Second the law. Alford’s requirement that there be a “strong factual basis” for a guilty
plea, 400 U.S. at 38, “enables a court to determine that the defendant’s guilty plea is voluntary”
and thus constitutional, United States v. Tunning, 69 F.3d 107, 111 (6th Cir. 1995). But the
requirement kicks in only if a defendant “protests his innocence” during the plea colloquy. Id.
The context in which Alford arose confirms the point.

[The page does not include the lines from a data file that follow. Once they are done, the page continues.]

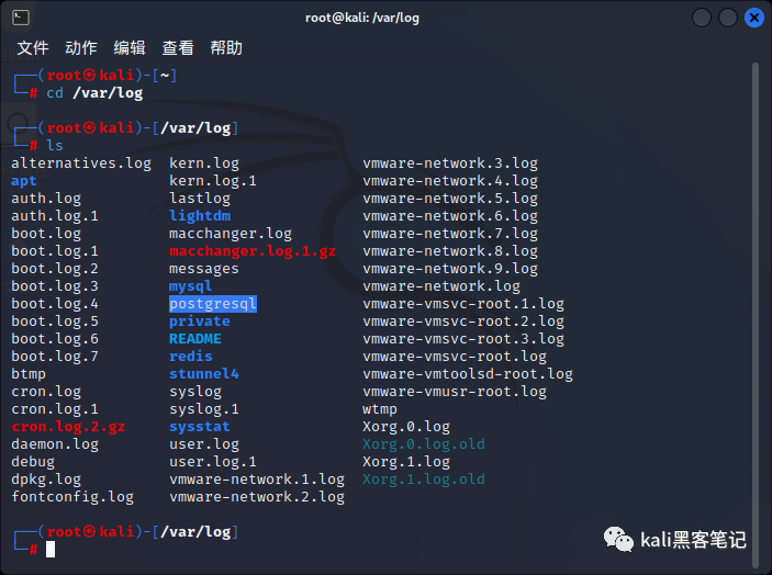 Linux 大多数日志文件就是文本,常见痕迹清理位置:/var/log。如下图,日志比较多。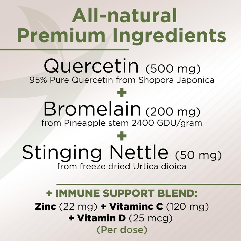 - ✔️ THE KEY BENEFITS:Quercetin with bromelain + Stinging Nettle supports healthy aging, cardiovascular health, helps to reduce the damage and irritation caused by free radicals, helps promote a normal respiratory function, helps to fuel the immune system, helps enhance the absorption of zinc. Quercetin + Nettle, two plant extracts that have been shown to support the immune system upon exposure to environmental challenges.*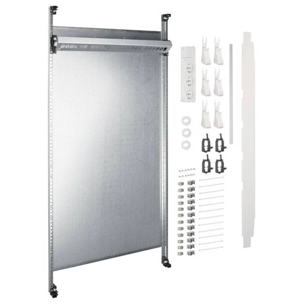 Kompletna terenska multimedija, universZ, 1050mm, 2 polja, sa 12x patch modula RJ45. Instalacijski set za multimedijske aplikacije za ugradnju u sustav ormara brojila s brzom montažom bez alata prema standardu dimenzija DIN 43870. Unaprijed sastavljen komplet za ugradnju koji se sastoji od potpornog okvira s potpornim tračnicama, perforirane montažne ploče i sastavljene spojne ploče, izolirane i pričvršćene vijcima za 12 priključaka (1 polje) ili za 24 priključka (2 polja) s trakama za označavanje. Uključeno je: 6 ili 12 oklopljenih podatkovnih modula RJ45 Cat. 6 (500 MHz), trostruke utičnice s kontaktom za uzemljenje (mogu se rotirati za 90 stupnjeva) za spajanje kabela preko utičnih stezaljki, držač multimedijskog uređaja za VDI komponente i stezaljke za pričvršćivanje kabela . Napomena: Linija od patch panela do tračnice za izjednačavanje potencijala (funkcionalno izjednačavanje potencijala prema DIN EN 50310 - VDE 0800-2-310) mora biti spojena (nije uključena). Pregrade iz multimedijskog polja uz druge instalacijske komplete potrebno je ugraditi prema primjeni (nije uključeno).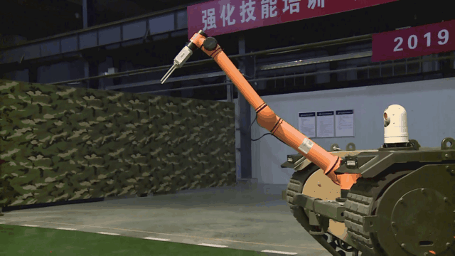搭載機械手的多功能模塊化履帶無人平臺,就像一個靈活的機器人,面對地上的障礙物,利用機械手將抓取到的危險物品,穩穩地投擲到防爆倉里,在現場無人操控的情況下,圓滿完成應急救援任務。
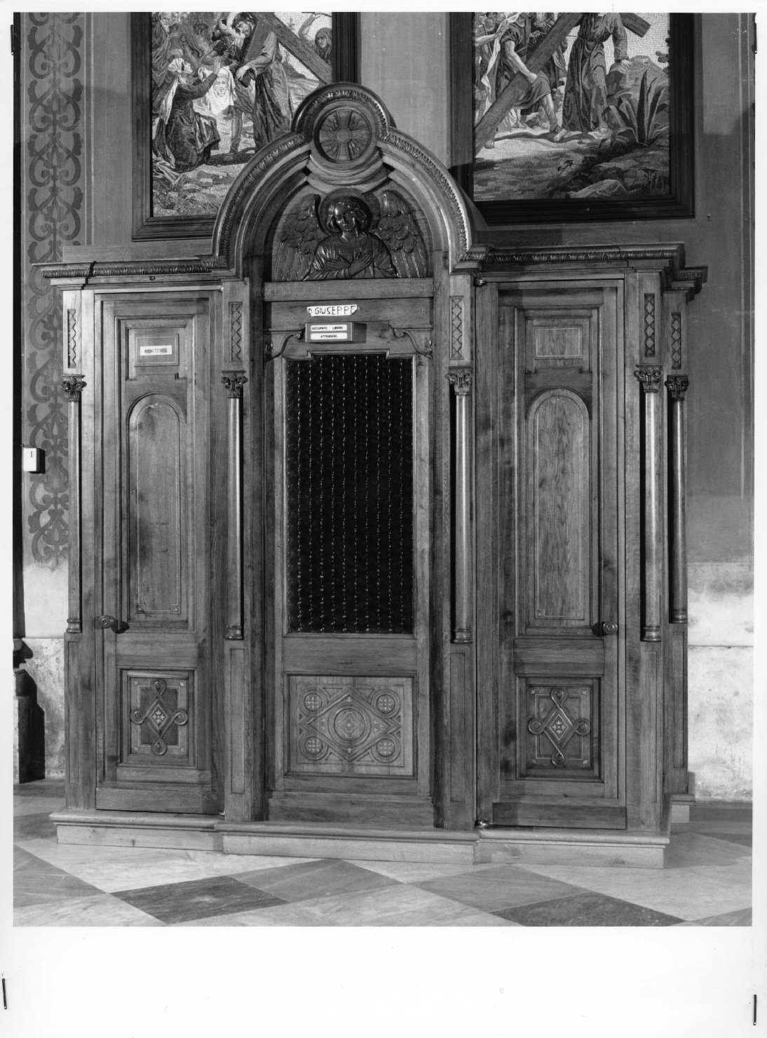 Composto di colonnine e cimasa ad arco, sopra la parte centrale, con il busto di un angelo con le mani incrociate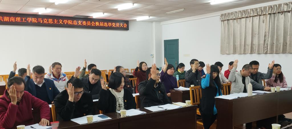 大会严格按照《中国共产党章程》《中国共产党基层组织选举工作暂行条例》和《中共湖南理工学院委员会二级党组织换届选举工作实施方案》等规定通过《选举办法》、候选人名单、监票人名单等。大会采取无记名投票方式进行差额选举,选举产生了由黄剑、高其荣、刘小华、杜艳艳、郑立新等五位同志组成的新一届党总支委员会。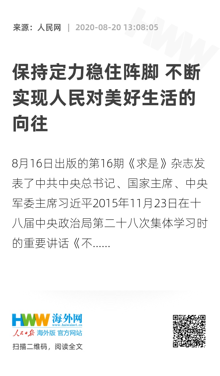 8月16日出版的第16期《求是》杂志发表了中共中央总书记、国家主席、中央军委主席习近平2015年11月23日在十八届中央政治局第二十八次集体学习时的重要讲话《不断开拓当代中国马克思主义政治经济学新境界》。这篇文章通篇闪烁着马克思主义科学、求实的理论光辉,是马克思主义普遍原理与中国具体实践相结合,立足国情形成的从实践到认识、从感性认识到理性认识的重要科学论述,进一步开拓了当代中国马克思主义政治经济学的新境界、新认识。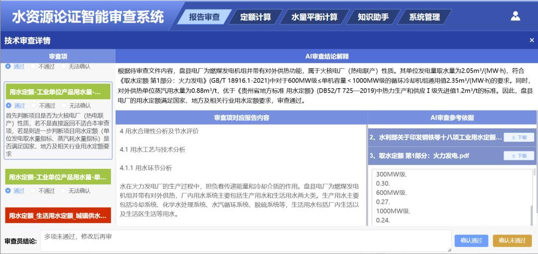 水資源論證報(bào)告智能審查系統(tǒng)的應(yīng)用,可以避免出現(xiàn)因報(bào)告書質(zhì)量差而開展專家審查的不利局面,可以大大提高審查效率,同時(shí)也提升了審查的規(guī)范性、公正性和科學(xué)性,提高水利新質(zhì)生產(chǎn)力。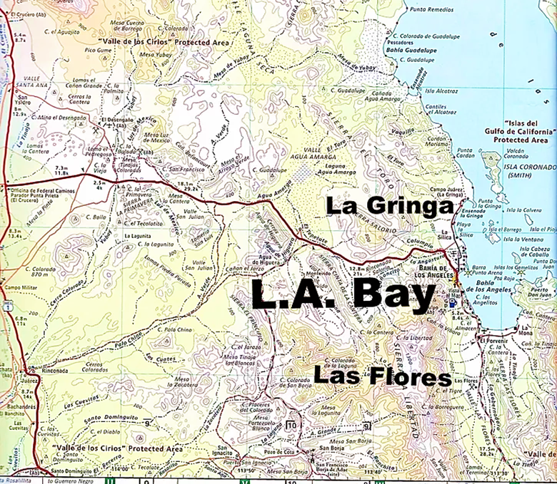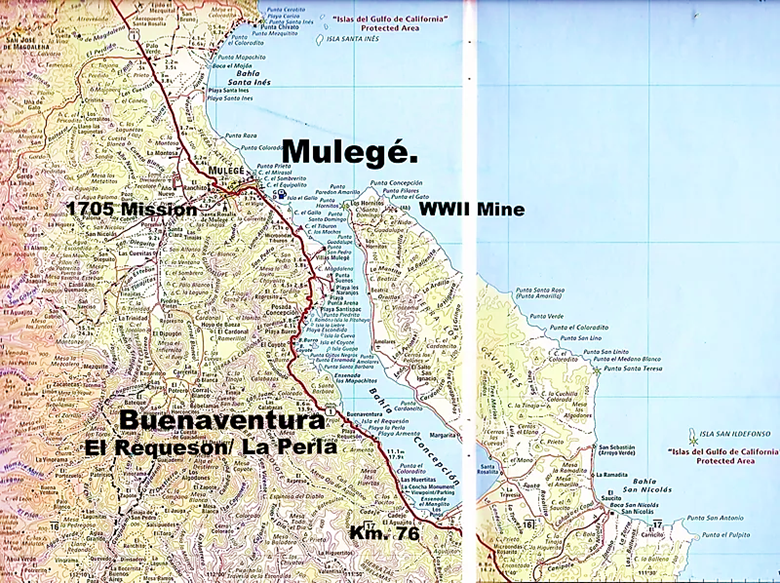 Cheeseburgers in paradise is not just a Jimmy Buffet song, at Playa Buenaventura on Concepción Bay! They want to do some serious off-roading and asked to include going up the peninsula on the other side of the bay to a manganese mine, from World War II. A tropical storm was just through here a week before and sure enough, the road was gone. We would discover that after several miles and hours driving at night! Night 5 was not in the best place, but we did okay.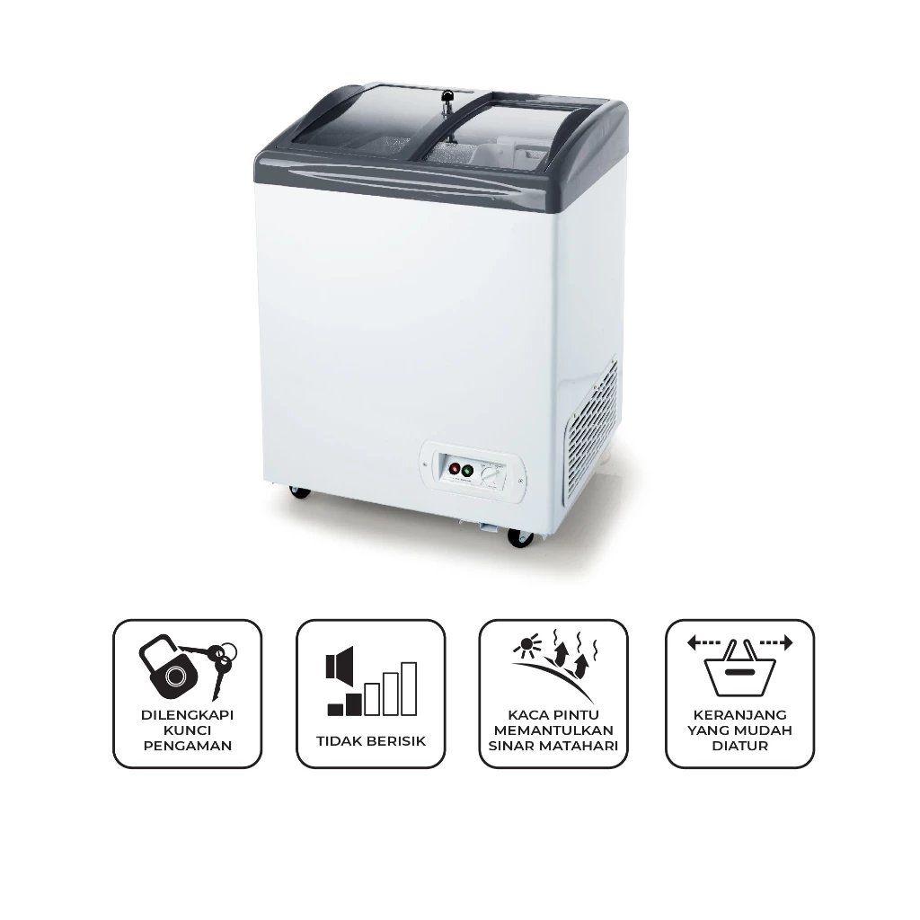 Dilengkapi kunci pengaman untuk menjaga isi freezer lebih aman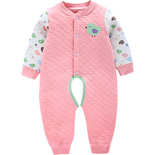 【SEBLES】ベビー服 キルティング 前開き プリント 可愛い ユニセックス キャラクター カバーオール 冬服(ピンク-とり,90cm)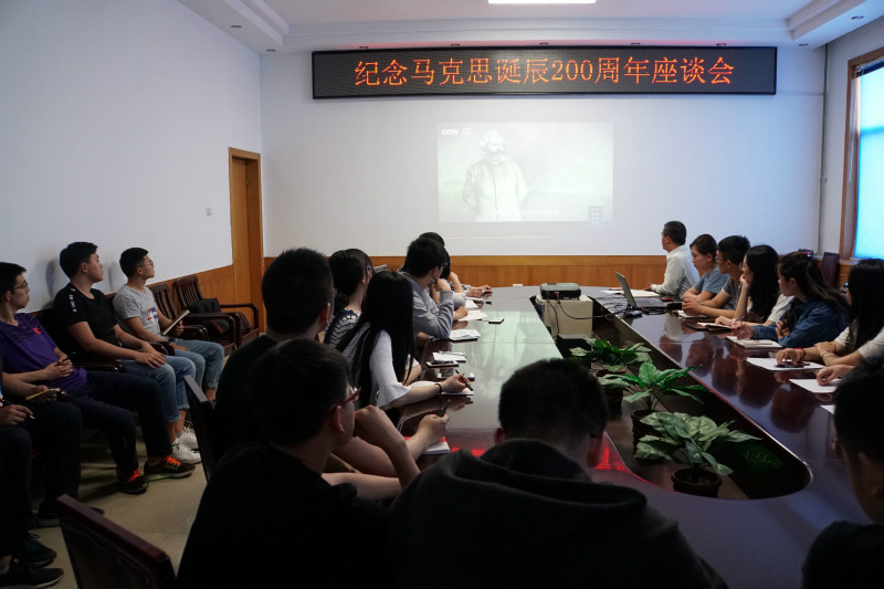 座谈会上,师生代表共同观看了习近平总书记在纪念马克思诞辰200周年大会上的讲话。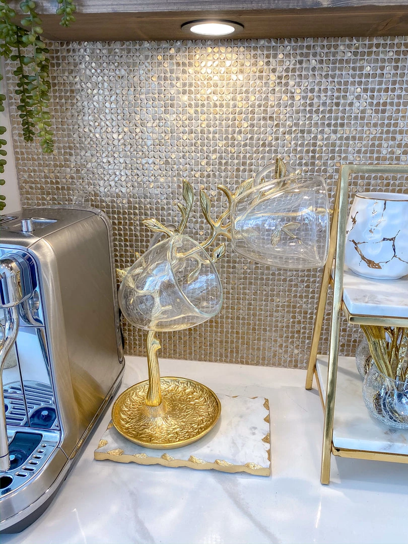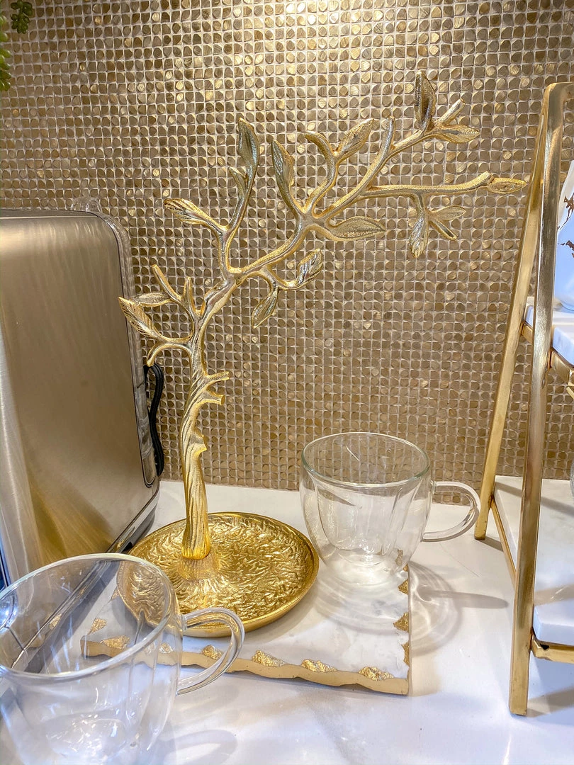 Description: This stylish golden branch tree transforms your kitchen display into an enchanted garden! Able to hold 2-3 small or regular sized mugs, this gold tree is a whimsical way to store your mugs!

At the plea colloquy, the defendant
simultaneously pleaded guilty and asserted his innocence, noting that he pleaded guilty to avoid
the risk of a capital charge. 400 U.S. at 28. That is not this case. Eggers’ protestations of
innocence, as the state courts permissibly found, occurred after the guilty-plea hearing had
ended. Absent a claim of innocence during the plea hearing, “there is no constitutional
requirement that a trial judge inquire into the factual basis of a plea.” Roddy v. Black, 516 F.2d
1380, 1385 (6th Cir. 1975). Eggers never claimed he was innocent until after he pleaded guilty
and after the district court accepted that plea. Eggers thus never triggered Alford. “[O]nce a
court accepts a plea agreement,” we have explained in a similar context, “it is bound by the
bargain.” United States v. Fleming, 239 F.3d 761, 764 (6th Cir. 2001) (quotation omitted). The
state court’s holding that Alford did not apply was thus not “contrary to” or “an unreasonable
application of” “clearly established Federal law.” 28 U.S.C. § 2254(d)(1).
Eggers, notably, fails to point to a single U.S. Supreme Court holding that applies Alford
to a protestation of innocence raised for the first time at a sentencing hearing. “Section
2254(d)(1),” the Supreme Court has explained, “provides a remedy for instances in which a state
court unreasonably applies this Court’s precedent; it does not require state courts to extend that
precedent or license federal courts to treat the failure to do so as error.” White, 134 S. Ct. at
1706. Not only has Eggers failed to identify a Supreme Court decision applying Alford to a
protestation of innocence made after a guilty plea had been accepted, he has not identified any
court decision, state or federal, appellate or trial, that applied Alford in this setting.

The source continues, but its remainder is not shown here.